By the end of this course, the students will have not only studied, but actually performed, all of the major steps of a large software project. It is hoped that these exercises will consolidate the learning of these skills and well-prepare students for larger projects to come. There is, in some sense, only one project for the entire course, but it is broken down into a few distinct phases (involving very different activities):

1. Requirements and Proposal
2. Architecture and Review
3. Planning, Specifications, Design, and Review
4. Implementation and Testing

It is traditional, in Software Engineering courses, to have students build a large project. This is intended to give students the opportunity to apply many of the skills covered in the reading and lectures. And I must concede that building software is the most obvious form for projects in a Software Engineering class to take. But, in looking at what students have actually done in these projects, I have found a few major concerns:

• Students are expected to develop coding and debugging skills in the lower division programming series. The academic material in a Software Engineering course deals with project models, work products, requirements, analysis, design, (representation, characteristics of good designs, processes for evolving them), review, testing, and an introduction to projects, process, and organization.

  In a typical Software Engineering project, students spend (at best) 25% of their time on these activities, and 75% of their time coding and debugging. This is realistic (in that it mirrors real software development) but it doesn't provide much opportunity for the students to apply the taught techniques and develop the associated skills.

• The success of a small software project probably has more to do with the motivation, skill, and experience of the development team than with the methodology they employ. Software Engineering disciplines have evolved to manage the risks and complexities of large projects.

  The typical class project involves a one digit number of staff-months of work: the size of a single task in many large software projects. While these projects are highly educational, and a necessary step in the development of discipline and skills, they seem (to me) too small to demand significant exercise of Software Engineering (as opposed to programming) skills.

• Projects (whether research or commercial) seldom fail because the developers lacked sufficient familiarity with languages or other programming tools. Projects fail because of:
  • poor requirements
  • lack of a concrete plan
  • having a bad plan, and not realizing it
  • failure to recognize and obtain required resources
  • failure to recognize and respond to problems
  • poor time and resource management

  If this course is to make a difference, it must address these problems.

My goal, in defining projects for this course, has been to create a series of projects that will focus primarily on the software engineering skills taught in the course.
• In teams, students will be asked to develop requirements and architecture something larger more complex than can reasonably be built in a one semester course. The advantage of this approach is that they will gain the opportunity to exercise important skills that would be poorly (if at all) exercised by smaller projects.
• Each team will then identify a single component of the proposed project (that is small enough to be reasonably accomplished in a few weeks), develop specifications, a design, and a test plan, and then build and test that component according to those plans.

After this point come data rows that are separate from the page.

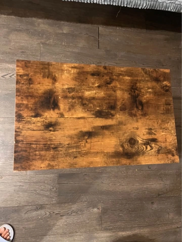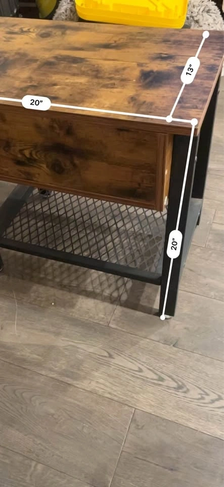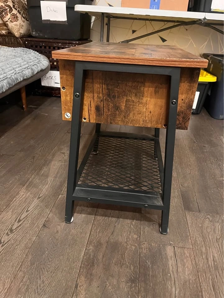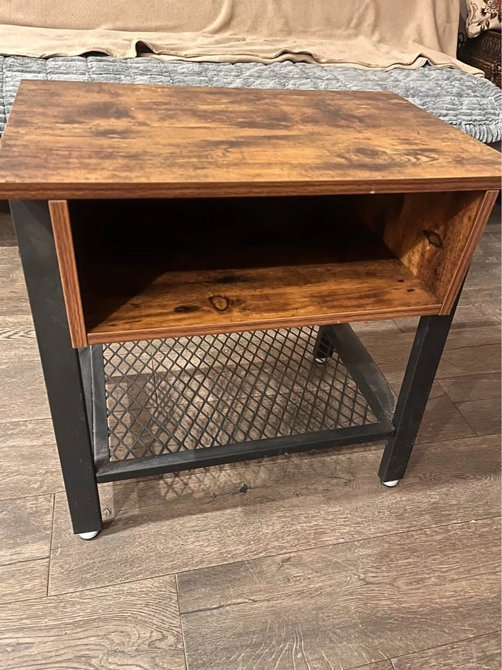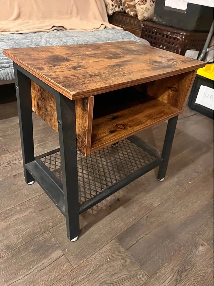 Sturdy end table with a rustic wood-look top and black metal frame. It has an open storage cubby and a metal mesh bottom shelf. Great for a bedroom or living room. Pick up Upper West Side.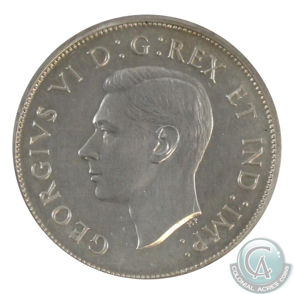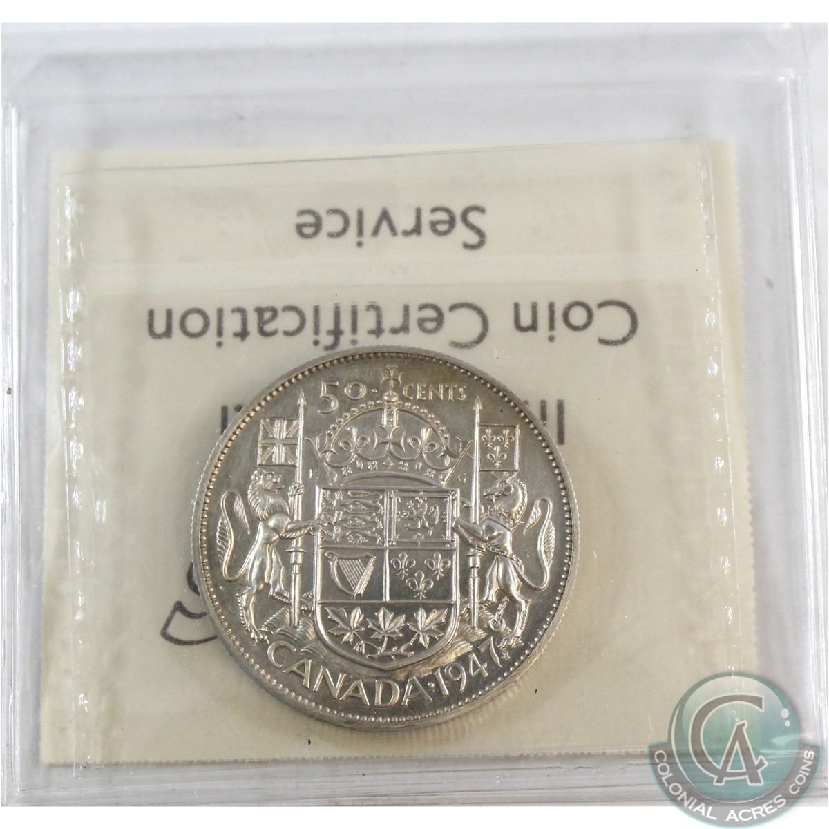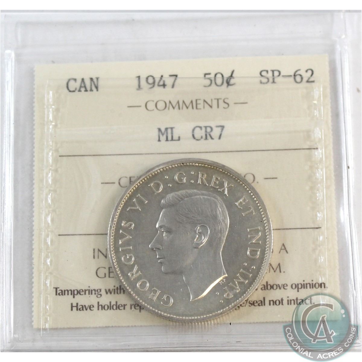 50-cent 1947 Maple Leaf; Curved 7 ICCS Certified SP-62. A flashy coin with hints of golden toning.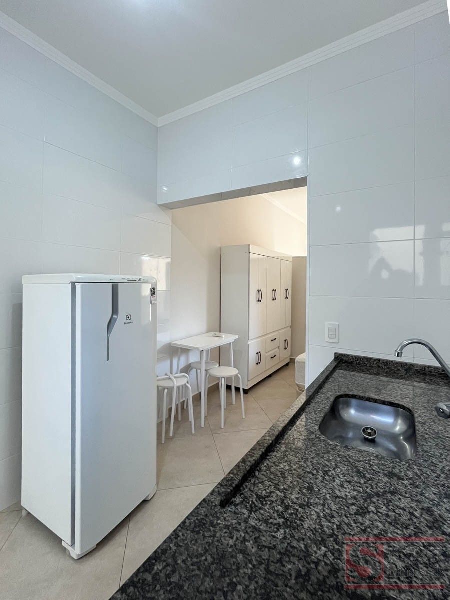 Kitnet Mobiliada com Ar-Condicionado e Excelente AcabamentoKitnet prática e bem equipada, ideal para quem busca conforto e funcionalidade em um espaço compacto. O imóvel conta com 01 dormitório já mobiliado com guarda-roupa, ar-condicionado, 01 colchão de solteiro e 01 colchão de casal, oferecendo comodidade imediata para moradia.A cozinha é equipada com pia de mármore com armário, geladeira e fogão por indução, proporcionando praticidade no preparo das refeições. A sala dispõe de ventilador de teto, garantindo maior conforto térmico no ambiente.O banheiro social possui box de blindex, trazendo um acabamento mais moderno e funcional. O imóvel conta ainda com lavanderia, oferecendo mais praticidade no dia a dia.Com piso em porcelanato e teto em laje com acabamento em gesso, a kitnet apresenta um ambiente bem acabado, moderno e de fácil manutenção.Uma excelente opção para quem procura praticidade, conforto e um imóvel pronto para morar.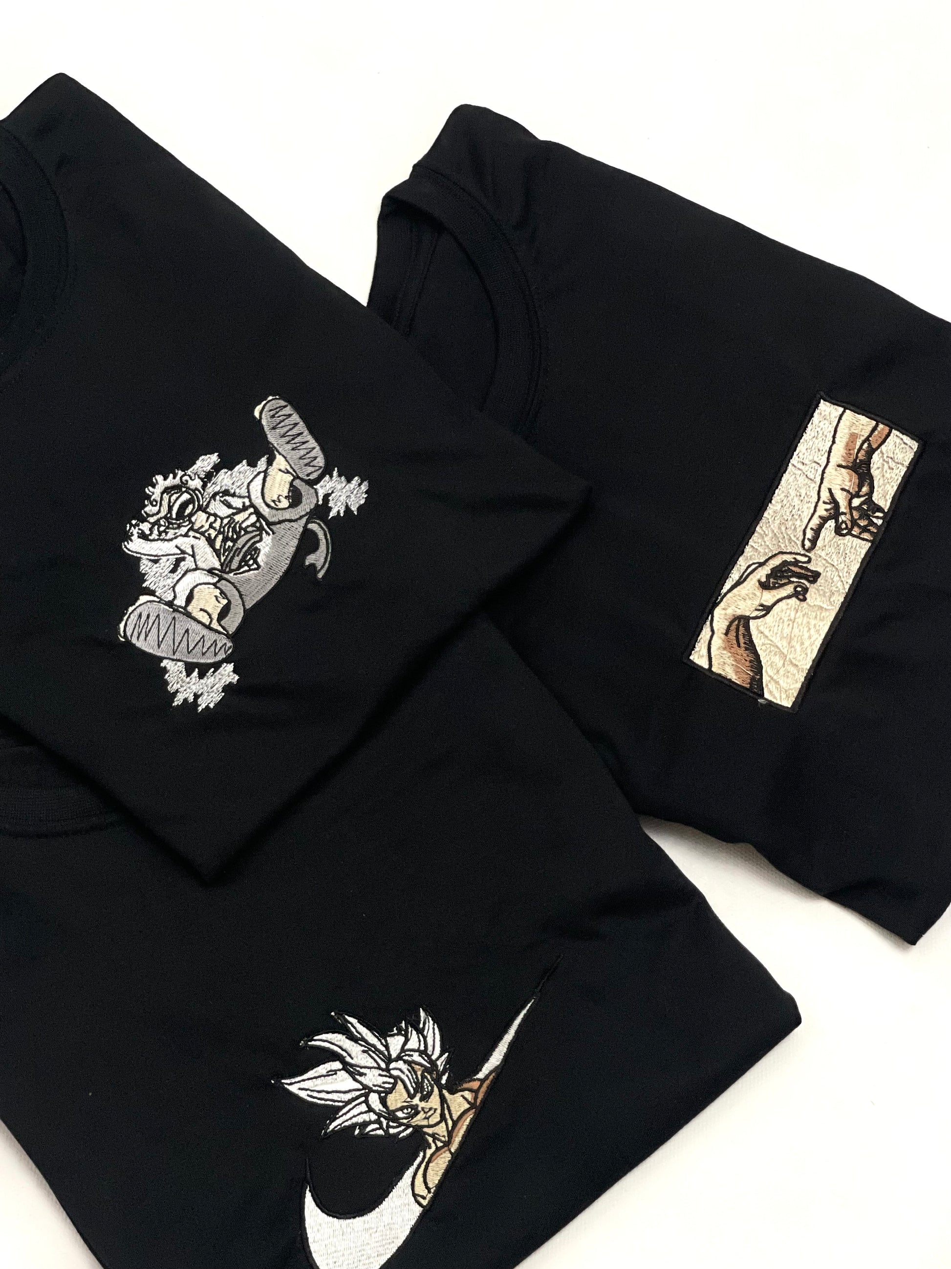 A legendary trio of art, adventure, and anime – this 3-pack features Creation of Adam, Luffy – One Piece, and Goku x Nike oversized embroidered tees, built for standout comfort and iconic streetwear appeal.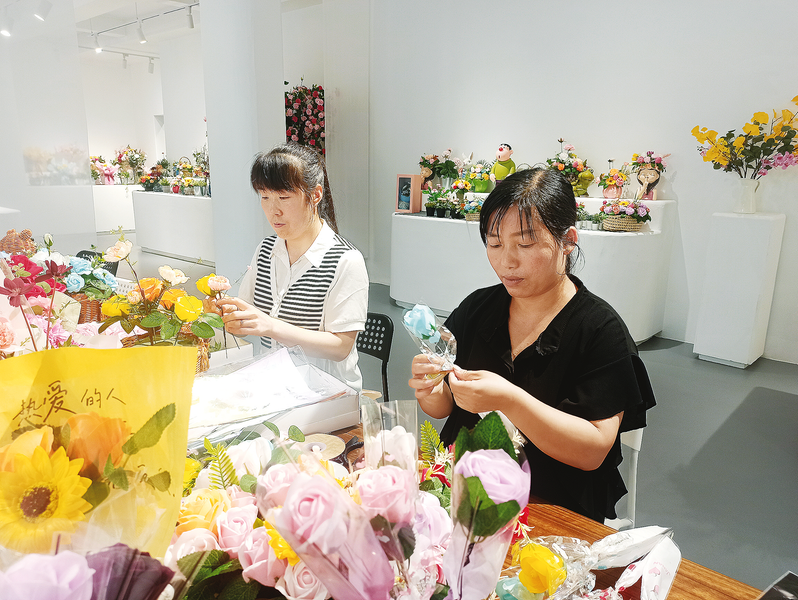 今年以来,洛南县保安镇积极学习运用“千万工程”经验,结合本地实际,打造了非遗一条街,并引进商洛德瑞宝实业有限公司。该企业主要生产销售香皂花原料及配件、香皂花、PE仿真花等,创造就业岗位100多个,带动周边易地搬迁户、脱贫户、残疾人、留守妇女及农村富余劳动力2000多人稳定就业。图为8月4日,在匠心皂花门店内,务工人员正在学习制作PE仿真花。 (本报通讯员 毕波波 摄)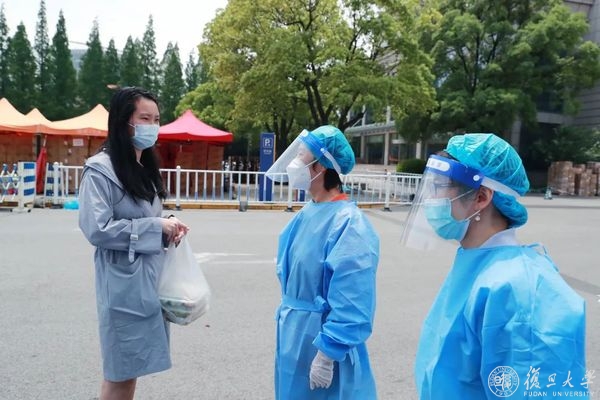 5月7日,复旦大学各校区、园区试行取餐制度。校党委书记焦扬、校长金力现场走访调研邯郸校区取餐情况。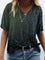 Green V-neck Loose Short Sleeve Cute Printed Blouse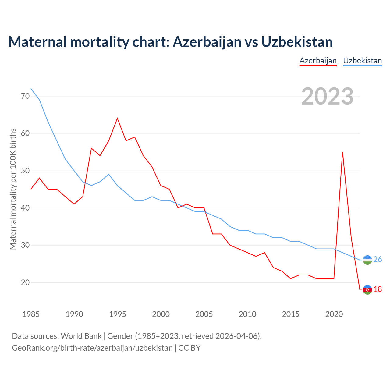 The maternal mortality rate, which is the probability of dying during childbirth or within 42 days of pregnancy termination, is 18 deaths per 100,000 live births in Azerbaijan, compared to 26 deaths in Uzbekistan.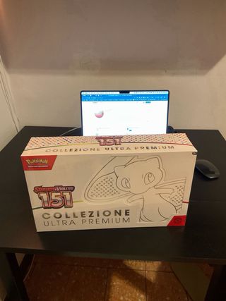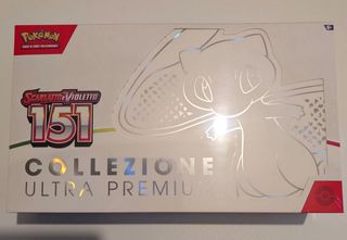 Splendida Collezione Ultra Premium del set 151 di Pokémon Scarlatto e Violetto. - Edizione italiana. - Contiene carte collezionabili Pokémon. - Illustrazione di Mew in rilievo.
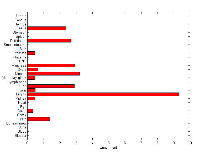 The expression level is normalized with tissue-library size. Each value for a gene in a tissue is a ratio of observed ESTs to the expected one in this tissue. The expected number of ESTs is the product of total ESTs of the gene and the fraction of total ESTs in the tissue among all ESTs in 30 tissues.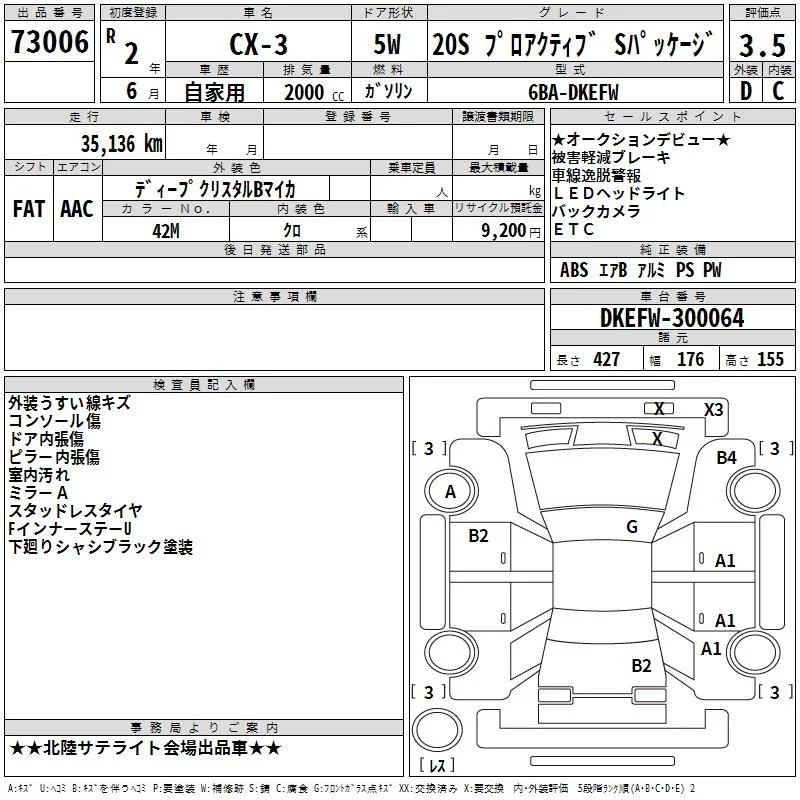Mazda CX-3 с аукциона Японии TAA Chubu лот № 73006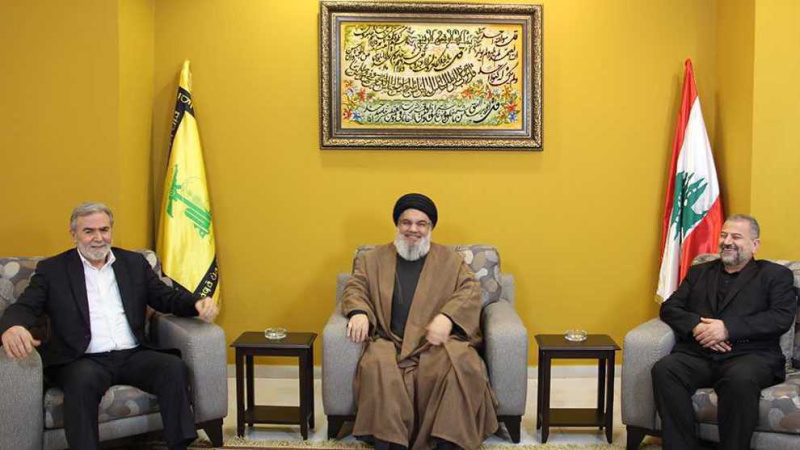Secretary General of Lebanon's Hezbollah resistance movement Sayyed Hassan Nasrallah on Saturday received Saleh al-Arouri, Deputy Head of the Hamas' Political Bureau, and Ziad al-Nakhaleh, the Secretary-General of Palestine's Islamic Jihad Movement, in Beirut.

Another goal of these projects is to develop organizational, planning, time management, and post-mortem review skills. This is accomplished by not breaking the project into small pieces, but rather, requiring the students to do this. The students are not merely responsible for producing the required work products, but for creatining and managing team efforts to produce those work products. The project grades are based, in part, on the quality of the plans, the dilligence that was paid to them, and the insights gained in retrospect. It is further hoped that the post-mortem reviews will help consolidate learning of both process and technical lessons.

These are, large team projects; Large enough to give you the opportunity to encounter a wide range of requirements, archictectural, planning, execution, and group problems ... from which I hope you will learn lessons that will enable you to recognize and evade many tragedies in your future lives.

Thus the assigned projects should be seen, both in terms of the primary technical skills they exercise, and successively more demanding sets of project management responsibilities. I assert that it is these skills (and not additional programming ability) that are the primary focus of this course.

Grading

The greatest portion of the grade is almost evenly divided between exams (your mastery of concepts) and projects (your ability to apply skills and techniques).

Weight	Item
10%	quizzes: daily
20%	exam: midterm
20%	exam: final
12.5%	project: 1. proposal
12.5%	project: 2. architecture
12.5%	project: 3. planning and design
12.5%	project: 4. implementation and testing

While a weight is shown for each project, there will not be a "single grade" for each project. Each of the projects will involve a great many activities and deliverables, each of which will be individually graded (and many of which will each be the subject of an entire lecture).

For each project submission most of the grade will be a group-score (based on the overall quality of the submission). A smaller portion of the grade will be personal, based on and divided (more or less equally) between the share and quality of each person's individual contributions to the overall effort. This weighting is because:

1. in the real world you will be judged, not on the basis of your individual efforts, but on the overall quality of your results.
2. teams are not merely a technique for allowing individuals to do less work. A well functioning team can do work that none of the individuals would have been able to do.
3. work division and cooperation are skills that are taught in this class. I expect to see the results of the applications of those skills.

Letter Grading Scale

• I do not grade on a curve, but a fixed scale. I am not trying to assign students to performance percentiles, but rather to assess their mastery of the course learning objectives.
• I do look carefully at the break points to try to ensure that students who did similar work do not get different grades, but the major break points generally fall within a point or two of 88/78/68/58.
• if I make a mistake in a problem that makes it significantly more difficult than intended, I will adjust the scale to compensate for my mistake

Late and make-up policy

• there are no make-ups for quizzes, but you can take a quiz before it is due.
• each student has 4 slip days that can be used for any project submission due date (before the end of the semester). After those have been used up, a grade is reduced by 10% for each 24 hours late the assignment is.
• if you are unable to make an exam, it may be possible (with prior notice) to arrange to take a (different) make-up exam at some later date.

Grade Adjustments

• I will always correct any (promptly reported) error in score computation or recording. You are encouraged to check the on-line grade book regularly to ensure that all of your assignement grades have been properly recorded.
• I am always willing to explain the correct answers and grading criteria.
• I am always willing to regrade an exam problem if I misunderstood a clearly correct answer ... but this does not extend to
  • reinterpreting vague or poorly written answers
  • giving credit for not having properly or fully understood problem
• I will correct a quiz score if the auto-grader was unable to accept a correct answer.
• I never raise grades in response to excuses or hardship stories.
• I never assign makeup projects. The only opportunity to improve a grade is before the assignment is submitted.

Academic Honesty:

The most valuable thing you will get from this course is a mastery of concepts and techiques that will serve you throughout your career. Your grade in this course gives testimony to that mastery. But those benefits will only accrue, and the grade will only be meaningful if it is honestly earned. Students must follow the Academic Honesty standards of both Harvey Mudd and the Computer Science Department which prohibit cheating, fabrication, multiple submissions, and facilitating academic dishonesty.

Students are encouraged to study together, and to discuss general problem-solving techniques that are useful on assignments; but all exams are to be completed individually without assistance or references; when working on the projects students must not share work with others (outside their team), and must specify the sources for all non-original parts of submitted work.

If you have questions about the policy, please discuss them with me. Be warned that I take Academic Honesty deadly seriously. I use a variety of tools and techniques to detect plagiarism, I report all suspected cases to the Dean's office, and I seek full prosecution of every case I report.

Please, do not test me on this matter.